→ Supplied entries
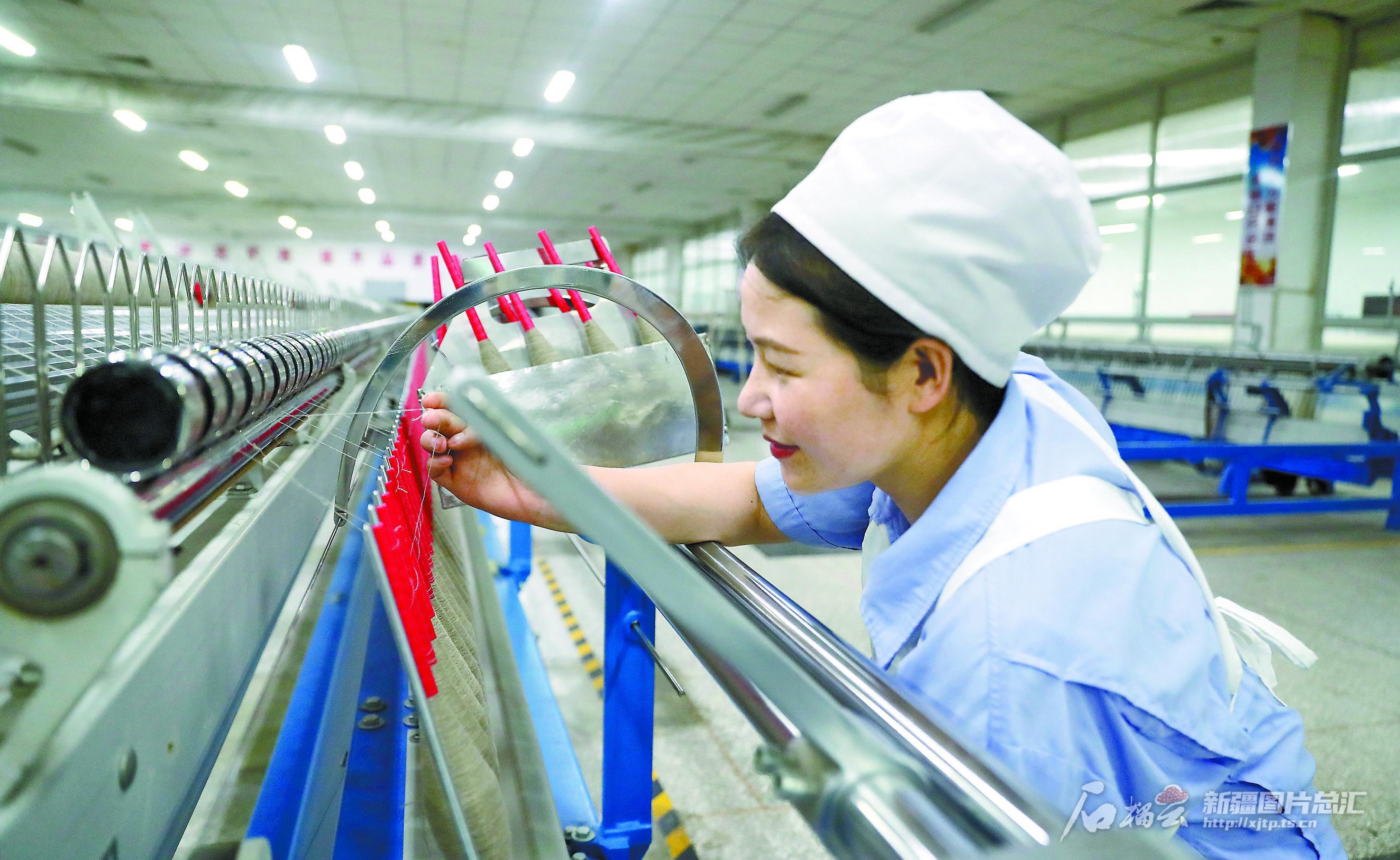 6月10日,員工在梳紡車間作業(yè)。新疆天山毛紡織股份有限公司各生產車間,現(xiàn)代化機器全線開動,員工在各自崗位上有序生產,確保訂單產品保質保量。今年以來,該公司已累計紡紗118噸,較去年同期增長18%。
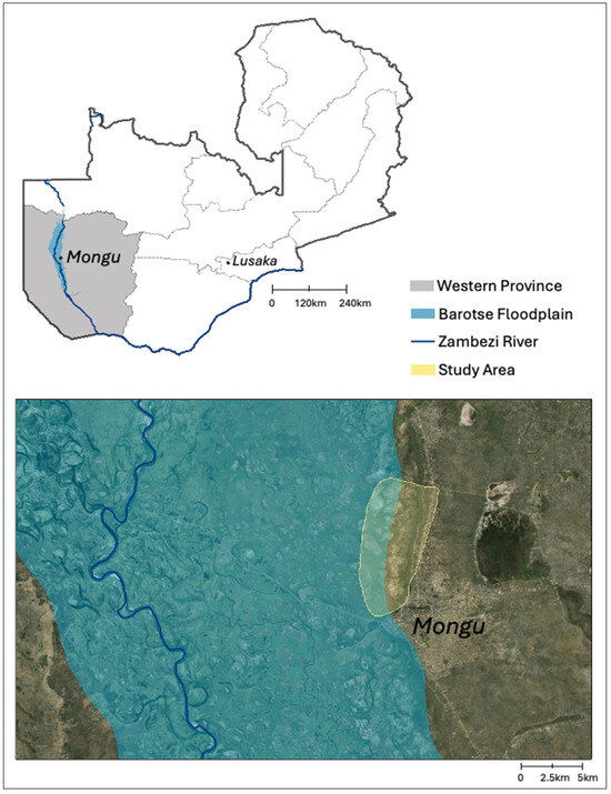 Rural livelihoods in the area are intricately linked to the seasonal flooding of the Zambezi River. The extent of the Barotse Floodplain is highlighted on Scheme 1 and it is the second largest wetland in Zambia. The rainy season in Barotse Plain begins in December and ends in May. Peak flooding occurs in April, about 3 months after peak rainfall; approximately 1500 mm of rain falls over the headwaters of the Zambezi annually [27]. During the peak flooding period, the Barotse Plain is transformed into a large water reservoir, approximately 5–6 m in depth and covering an area of over 10,000 km2 [27]. It takes about 4 months for floods to recede from their maximum inundation [26]. Most of the villages located in the plain have a corresponding high-ground village that people use during peak flooding. People return to the same village on higher ground each year, and it shares the same name as the village in the plain. For example, the village of Naloyela exists on the floodplain and on higher ground and is referred to as Naloyela ya kwa plain and Naloyela ya kwa ng’ambamo, respectively. Although some people have permanently relocated to higher ground to avoid the inconvenience of seasonal moves, they still travel to the plain daily to access their crops, cattle, and livelihoods. Climate change has affected the timing of the flood, with flooding happening both earlier and later; these changes make it difficult to prepare, including knowing when to relocate [28]. The Intergovernmental Panel on Climate Change categorized the Zambezi as the river basin expected to face the worst potential effects of climate change among 11 major African basins [29].
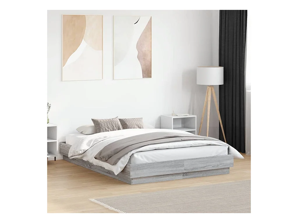 Lit double sonoma gris 120x190 cm bois d'ingénierie FR23530
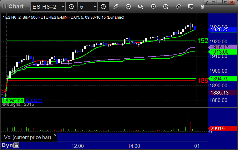 As usual, let's start by taking a look at the ES and NQ with our market directional lines, VWAP, and Comber on the 5-minute chart from today's session:
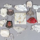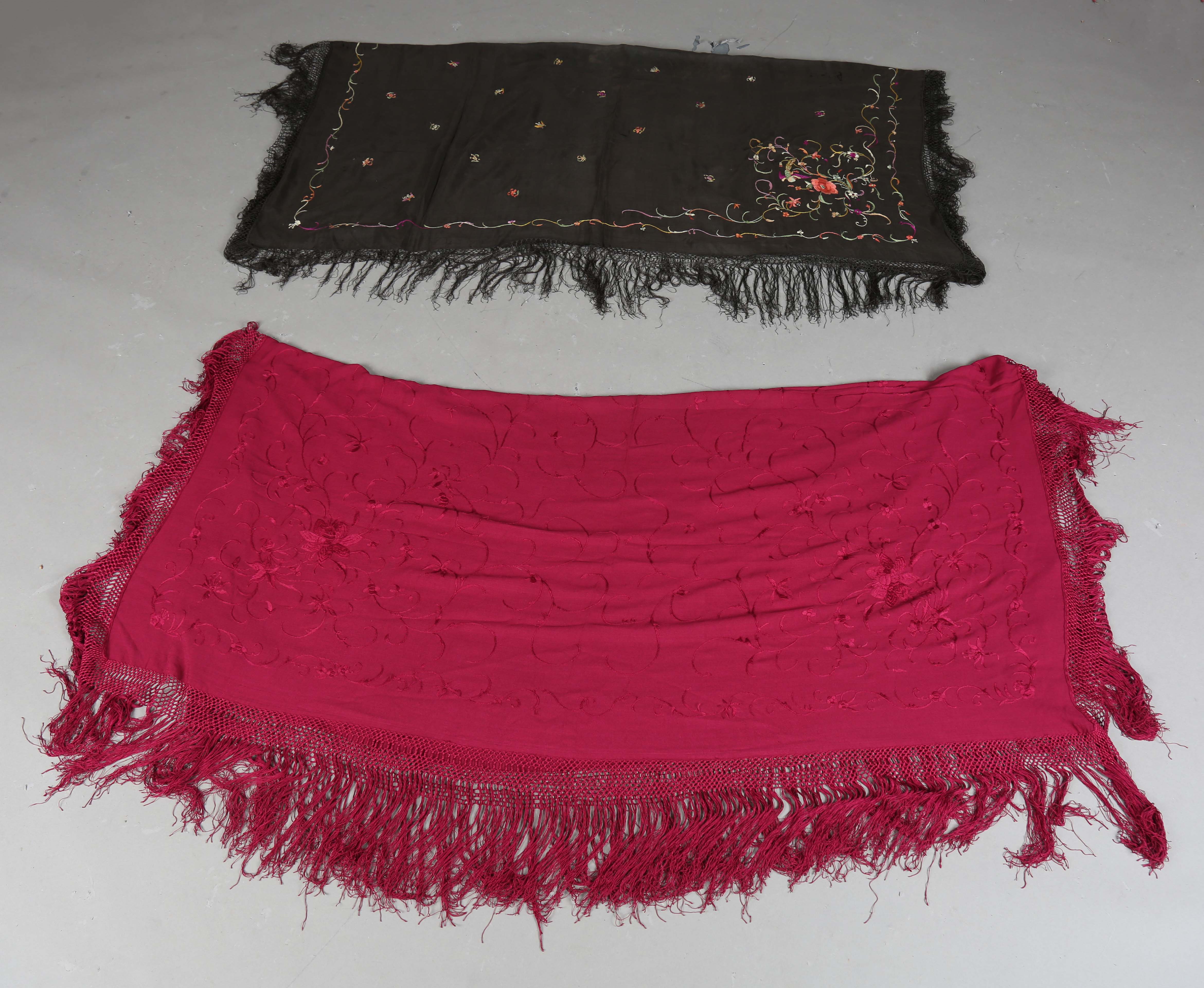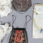 A mixed group of textiles, including two Spanish embroidered shawls, a selection of lace, an Edwardian silk embroidered bag and three purses.
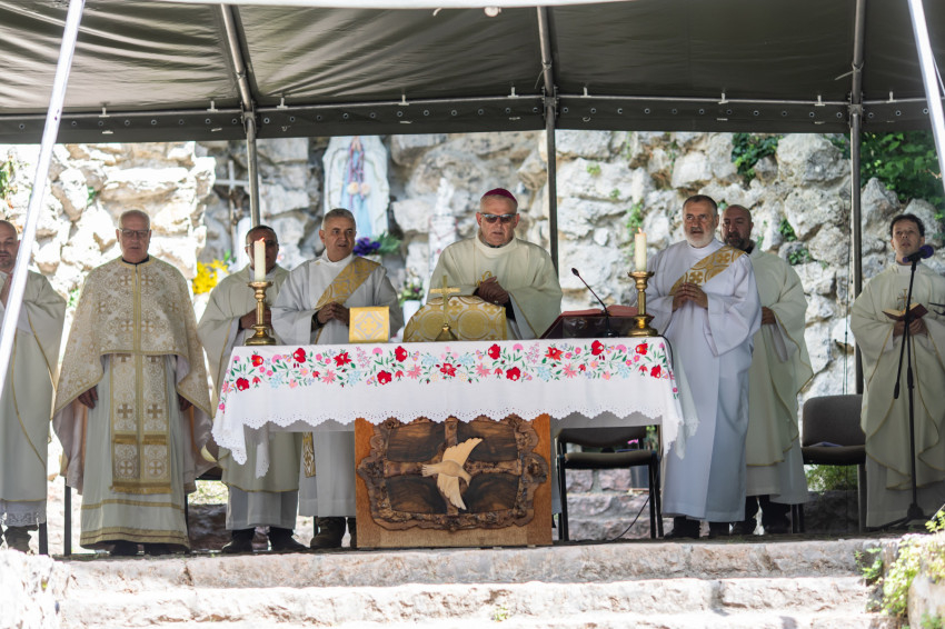 Délelőtt a zarándokok levonultak a lourdes-i barlanghoz, ahol Berta Tibor tábori püspök mutatott be szentmisét a katonai tábori lelkészség papjaival és diakónusai szolgálatával. Fúvós katonazenekar kísérte több szólamban a népénekeket most, és nem orgona.
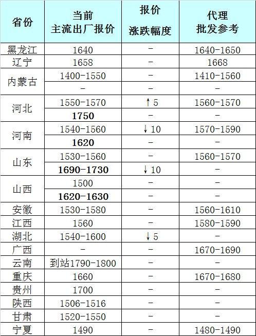 现山东地区尿素主流出厂报价1530-1560元(吨价,下同),报价基本稳定,少数略涨10元,临沂地区复合肥企业对尿素接货价1560-1570元微微上涨;河北地区尿素主流出厂报价1550-1570元;河南地区尿素主流出厂报价1540-1560元;山西地区尿素主流出厂报价1500元,大颗粒出厂报价1620-1630元;安徽地区尿素主流出厂报价1530-1580元;湖北地区尿素出厂报价1540-1600元;陕西地区尿素出厂报价1506-1516元;甘肃地区尿素出厂报价1520-1550元;宁夏地区尿素出厂报价1490元;内蒙古地区尿素主流出厂报价1400-1550元;黑龙江地区尿素主流出厂报价1640元。综上,尿素报价稳中小盘整,期货窄幅稍强。
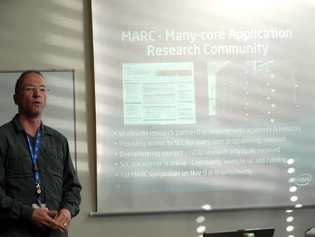 В Брайншвайге нам было показано, как работает SCC. На тестовых стендах используется специальная версии операционной системы SCC Linux, адаптированная под многоядерные системы. Сами SCC выполнены под стандартный процессорный разъем LGA 1567, применяемый для Xeon. На одном из ядер запускается сама ОС, а на других запускаются отдельные приложения или диспетчер отдает приложению нужное количество ядер. Впрочем, на каждом ядре можно запускать свою отдельную ОС. Неиспользуемые тайлы можно отключать.
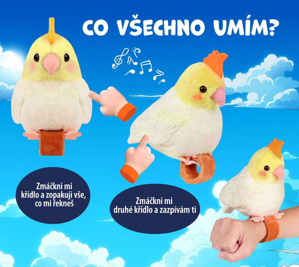 Vzhled ptáka je realistický, dvě tlačítka , jedním tlačítkem papoušek zpívá a druhým bočním tlačítkem s funkcí učení nahrávání (opakované mluvení) Součástí je náramek, díky kterému bude dítěti sedět na ruce.
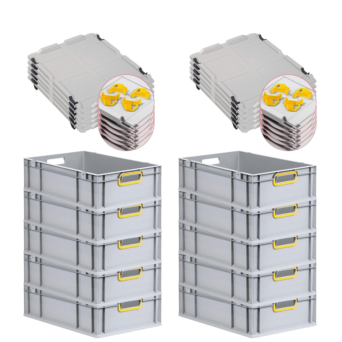 PROREGAL SparSet 10x Eurobox NextGen Color mit Auflagedeckel & Verschlüsse, HxBxT 17x40x60cm, 34L, Grau, Griffe gelb offen, Eurobehälter, Box
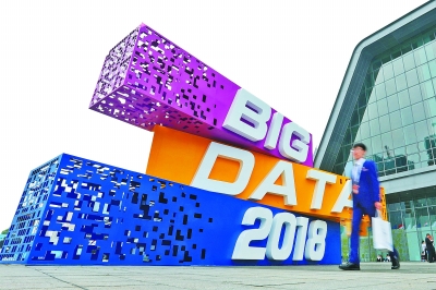 数博会会场外的大数据标识。新华社发

→ Assigned task
Beginning with the line that contains "PROREGAL SparSet 10x" and ending with the final line of the listing, return each line exactly. Omit all pictures.

→ Exercise solution
 PROREGAL SparSet 10x Eurobox NextGen Color mit Auflagedeckel & Verschlüsse, HxBxT 17x40x60cm, 34L, Grau, Griffe gelb offen, Eurobehälter, Box
 数博会会场外的大数据标识。新华社发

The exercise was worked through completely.